On Sun, Apr 12, 2009 at 04:48:19PM +0800, Ingo Molnar wrote:
> 
> * Wu Fengguang <fengguang.wu@intel.com> wrote:
> 
> > Introduce page cache context based readahead algorithm.
> > This is to better support concurrent read streams in general.
> 
> >  /*
> > + * Count contiguously cached pages from @offset-1 to @offset-@max,
> > + * this count is a conservative estimation of
> > + * 	- length of the sequential read sequence, or
> > + * 	- thrashing threshold in memory tight systems
> > + */
> > +static pgoff_t count_history_pages(struct address_space *mapping,
> > +				   struct file_ra_state *ra,
> > +				   pgoff_t offset, unsigned long max)
> > +{
> > +	pgoff_t head;
> > +
> > +	rcu_read_lock();
> > +	head = radix_tree_prev_hole(&mapping->page_tree, offset - 1, max);
> > +	rcu_read_unlock();
> > +
> > +	return offset - 1 - head;
> > +}
> 
> Very elegant method!
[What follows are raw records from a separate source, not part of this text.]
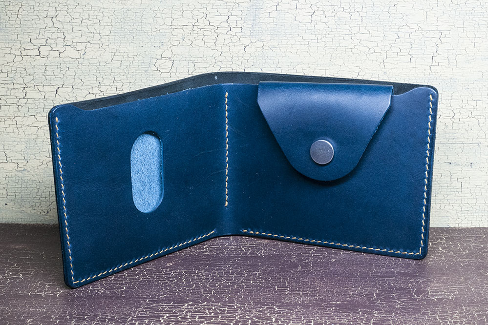 Кошелек прошит полностью вручную с использованием шила для создания особого шва.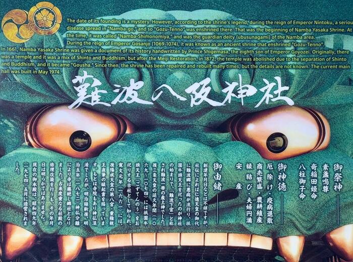 当社(難波八阪神社)の創建年月日など詳しい資料は残っていませんが、社伝によれば古来「難波下の宮」と称し難波一帯の産土神でした。後三条天皇の延久(1069年から1073年)の頃から祇園牛頭天王(ごずてんのう)をお祀りする古社として世間に知られていました。もとは神仏混淆でしたが、維新後、神仏分離により寺は廃民衆の困苦を除かれた故事に基づき始められたと言われています。「摂津名所図絵」や「摂津名所図会大成」にも紹介されています。また、絶し、明治5年(1872年)に郷社となりました。現在のご本殿は、昭和49年(1974年)5月に完成。毎年1月の第3日曜日に行われている綱引神事は当社の御祭神、素盞嗚尊(すさのをのみこと)が八岐大蛇(やまたのおろち)を退治し、平成13年(2001年)には、大阪市で初めての無形民俗文化財に指定されました。<難波八坂神社の公式HPより引用>
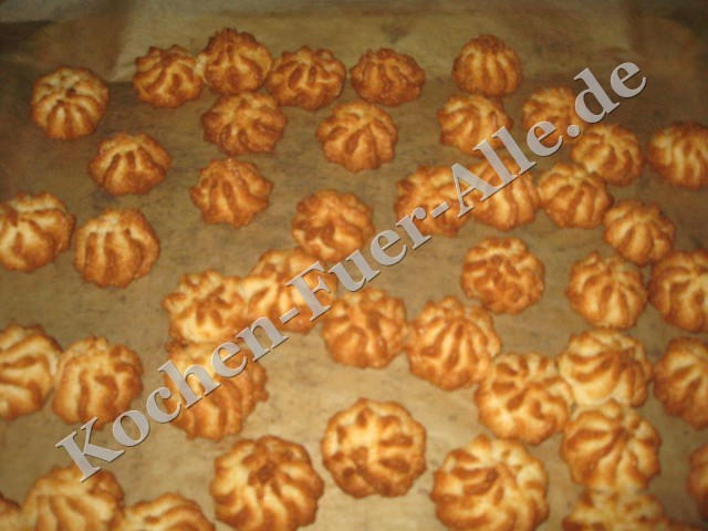Eiweiß zu einem steifem Schnee schlagen, Zucker unter rühren die Kokosflocken vorsichtig unterziehen.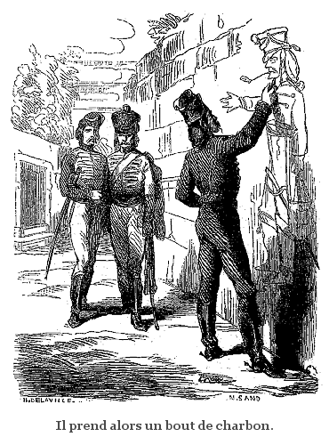 «Vous souvenez-vous, dit une autre voix, de l'arrivée de Jacques au régiment, la veille de***?—-Ah! brave Jacques! il avait seize ans, dit un autre interlocuteur; il avait l'air d'une jolie petite demoiselle. Ils étaient là cinq ou six enfants de famille, débarqués depuis une heure, enveloppés de surtouts fourrés par leurs mamans, gentils, bien peignés, roses, et pas trop contents de coucher à l'auberge en plein champ. Jacques était là aussi avec sa petite mine, pâle déjà, un petit commencement de moustache et sa petite chanson entre les dents. L'un disait; Celui-là est le plus ridicule de tous; il veut faire le luron, et il est déjà blanc comme un linge. Un autre disait: M. Jacques est le César de la société; au premier coup de canon, il chantera sur un autre ton.—Lorrain... Qui est-ce qui se souvient du lieutenant Lorrain, avec son grand diable de nez, ses mauvaises plaisanteries, et son album de caricatures qui ne le quittait pas plus que son sabre? Un habile dessinateur, ma foi! et le meilleur tireur du régiment. Voilà que mon animal, à la lueur du feu du bivouac, s'amuse avec un bout de charbon à vous crayonner la charge de Jacques et de ses petits compagnons, avec des éventails et des ombrelles; il avait écrit au-dessous: Gens riches allant à la bataille. Jacques passe derrière lui, se penche sur son épaule, et dit avec l'air doux et gentil qu'il a toujours conservé: «C'est très-joli, cela!—Vous en êtes content? dit Lorrain.—Très-content, répond Jacques.—Et moi aussi,» reprend Lorrain. Tout le monde de rire. Jacques s'assied sans se déconcerter le moins du monde, et me prie de lui prêter ma pipe. J'avais envie de la lui casser sur la figure. «Est-ce que vous n'en avez pas une?—Non, répondit-il; je n'ai jamais fumé de ma vie; j'ai envie d'essayer: comment s'y prend-on?—On allume de ce côté-là et on la met dans sa bouche, et puis on tire de toutes ses forces jusqu'à ce que la fumée sorte par le côté opposé.» Jacques secoue la tête d'un air de simplicité et prend la pipe. Nous espérions le voir tousser ou s'enivrer; chacun charge la sienne et la lui présente l'une après l'autre, en lui versant des rasades d'eau-de-vie à griser un boeuf. Je ne sais pas s'il les escamotait; mais sa figure ne fit pas un pli, son gosier n'eut pas une convulsion; il but et fuma la moitié de la nuit sans sortir de son sang-froid et sans se laisser entamer par la moindre taquinerie; on eût dit que sa nourrice l'avait élevé avec de l'eau-de-vie et de la fumée de pipe. Le capitaine Jean, que voilà, et qui se souvient bien de ce que je raconte, vint me taper sur l'épaule et me dire: «Vous voyez bien cet oiseau-mouche? Eh bien! je vous dis, Borel, que ce sera une de nos meilleures moustaches. Je connais cela; c'est une petite race de vieux buis bien sec, et c'est plus solide qu'une grande massue de fer. Son père est un brigand, mais un sabreur; celui-ci aura plus de sang-froid, et si un boulet ne le raie pas demain de mes tablettes, il fera vingt campagnes sans se plaindre de cors aux pieds. Le lendemain, chacun sait comme Jacques fit ses preuves et fut décoré sur le champ de bataille.—Vous croyez qu'il était glorieux après cela, dit le capitaine de dragons; qu'il sautait comme font les enfants à qui ces fortunes-la arrivent, ou bien qu'il s'en allait dans les petits coins, comme nous faisions, nous autres, pour regarder sa croix et la baiser? Il avait l'air aussi indifférent à cela qu'il l'avait été à la caricature de Lorrain, au premier feu et à sa première blessure. Il reçut toutes les poignées de main d'un air franc et amical, mais sans montrer ni étonnement ni joie. Je ne sais pas ce qui peut faire rire ou pleurer Jacques, et, quant à moi, je me suis souvent demandé si ce n'était pas un de ces spectres auxquels croient les Allemands.—Vous n'avez donc pas vu Jacques amoureux? dit M. Borel. Alors vous l'auriez vu fondre comme la neige au soleil; il n'y a que les femmes qui aient du pouvoir sur cette tête-là; aussi y ont-elles fait de fiers ravages! En Italie...» M. Borel s'interrompit, et je compris que quelqu'un, Eugénie sans doute, lui avait fait signe de se taire. Cela me donna une impatience, une curiosité et une inquiétude épouvantables.

I suspect this will work far better 
> than adding various increasingly more complex heuristics.
> 
> Emphatically-Acked-by: Ingo Molnar <mingo@elte.hu>

Thank you Ingo!

The only pity is that this heuristic can be defeated by some user
space program that tries to do aggressive drop-behind via
fadvise(DONTNEED) calls. But as long as the drop-behind algorithm
be a bit lazy and does not try to squeeze the last page at @offset-1,
this patch will work just OK.

The context readahead idea is so fundamental, that a slightly modified
algorithm can be used for all kinds of sequential patterns, and it can
automatically adapt to the thrashing threshold.

        1 if (probe_page(index - 1)) {
        2          begin = next_hole(index, max);
        3          H     = index - prev_hole(index, 2*max);
        4          end   = index + H;
        5          update_window(begin, end);
        6          submit_io();
        7 }

            [=] history [#] current [_] readahead [.] new readahead
            ==========================#____________..............
        1                            ^index-1
        2                             |----------->[begin
        3  |<----------- H -----------|
        4                             |----------- H ----------->]end
        5                                          [ new window ]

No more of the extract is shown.